How do I store this?

  • Store synthesized azides below room temperature and away from sources of heat, light, pressure, and shock.
  • Azides are generally classified as Storage Group X in the Stanford Storage Group Classification system, and should be stored away from all other chemicals. Specific incompatibilities include carbon disulfide, bromine, dimethyl sulfate, nitric acid, and heavy metals and their salts.
  • Heavy metal azide salts tend to be highly heatand shock-sensitive explosives.
  • Avoid water and strong acids which can lead to the formation of hydrazoic acid, which is highly toxic, volatile, and explosive.

How do I dispose of this?

Store azide waste in a container designated only for azide waste.

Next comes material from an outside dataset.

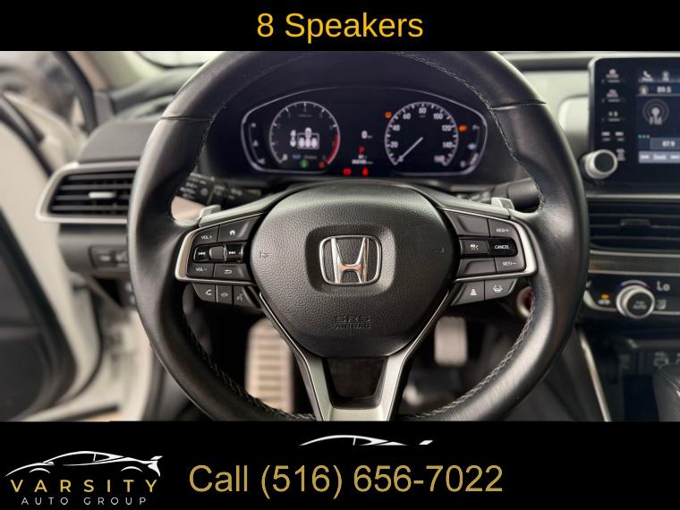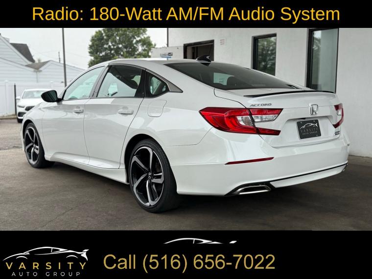 8 Speakers, AM/FM radio, Radio data system, Radio: 180-Watt AM/FM Audio System, Air Conditioning, Automatic temperature control, Front dual zone A/C, Rear window defroster, Power driver seat, Power steering, Power windows, Remote keyless entry, Steering wheel mounted audio controls, Four wheel independent suspension, Speed-sensing steering, Traction control, 4-Wheel Disc Brakes, ABS brakes, Dual front impact airbags, Dual front side impact airbags, Emergency communication system: HondaLink, Front anti-roll bar, Knee airbag, Low tire pressure warning, Occupant sensing airbag, Overhead airbag, Rear anti-roll bar, Brake assist, Electronic Stability Control, Forward collision: Collision Mitigation Braking System (CMBS) + FCW mitigation, Lane Departure Warning System, Exterior Parking Camera Rear, Auto High-beam Headlights, Delay-off headlights, Front fog lights, Fully automatic headlights, Panic alarm, Security system, Adaptive Cruise Control: Adaptive Cruise Control (ACC) with Low-Speed Follow, Speed control, Black Chrome Grille Accent, Black Valve Stem Caps, Bumpers: body-color, Heated door mirrors, Power door mirrors, Spoiler, Apple CarPlay/Android Auto, Driver door bin, Driver vanity mirror, Front reading lights, Illuminated entry, Leather Shift Knob, Leather steering wheel, Outside temperature display, Overhead console, Passenger vanity mirror, Rear seat center armrest, Tachometer, Telescoping steering wheel, Tilt steering wheel, Trip computer, Front Bucket Seats, Front Center Armrest, Heated Front Bucket Seats, Heated front seats, Leather-Trimmed Seats, Power passenger seat, Split folding rear seat, Passenger door bin, Alloy wheels, Wheels: 19" Machine-Finished Alloy w/Black Inserts, Speed-Sensitive Wipers, Variably intermittent wipers, 2021 Honda Accord Sport Special Edition, Platinum White Pearl, Black w/Leather-Trimmed Seats, Clean CARFAX

Dosimetry and bioassay requirements

Organic Azide Stability
Each chemical you intend to work with must be individually evaluated. Below are some general guidelines to consider when working with organic azides.

Carbon to Nitrogen Ratio
The total number of nitrogen atoms in your organic azide should not exceed that of carbon. Use the following equation to help evaluate if your azide is stable enough to work with, with N equal to the number of atoms: 1

(NCarbon + NOxygen) / NNitrogen ≥ 3

  • n-nonyl azide (C/N ratio = 3) is the smallest organic azide that can be isolated and stored in its pure form (up to 20 grams).2
  • Azides with a C/N ratio between 1 and 3 can be synthesized and isolated, but should be stored below room temperature at no more than 1 M concentration and at a maximum of 5 grams of material.2
  • Organic azides with C/N ratio < 1 should never be isolated. It may be synthesized if the azide is a transient intermediate species AND the limiting reagent in the reaction mixture AND is limited to a maximum quantity of 1 gram.2

Rule of Six
Alternatively, follow the “rule of six:” six carbons (or other atoms of about the same size) per energetic functional group (azide, diazo, nitro, etc.) should provide enough dilution to render the compound relatively safe to work with given appropriate controls and safety procedures.3

In general, olefinic, aromatic, or carbonyl azides are much less stable than aliphatic azides.3

Reference

1Bräse, S., Gil, C., Knepper, K., Zimmermann, V. “Organic Azides: An Exploding Diversity of a Unique Class of Compounds,” Angew. Chem. Int. Ed., 2005, 44, 5188-5240.

2University of California Santa Barbara. “Laboratory Safety Fact Sheet #26: Synthesizing, Purifying, and Handling Organic Azides”

3Kolb, H.C., Finn, M.G., Sharpless, K.B. “Click Chemistry: Diverse Chemical Function from a Few Good Reactions,” Angew. Chem. Int. Ed., 2001, 40, 2004-2021.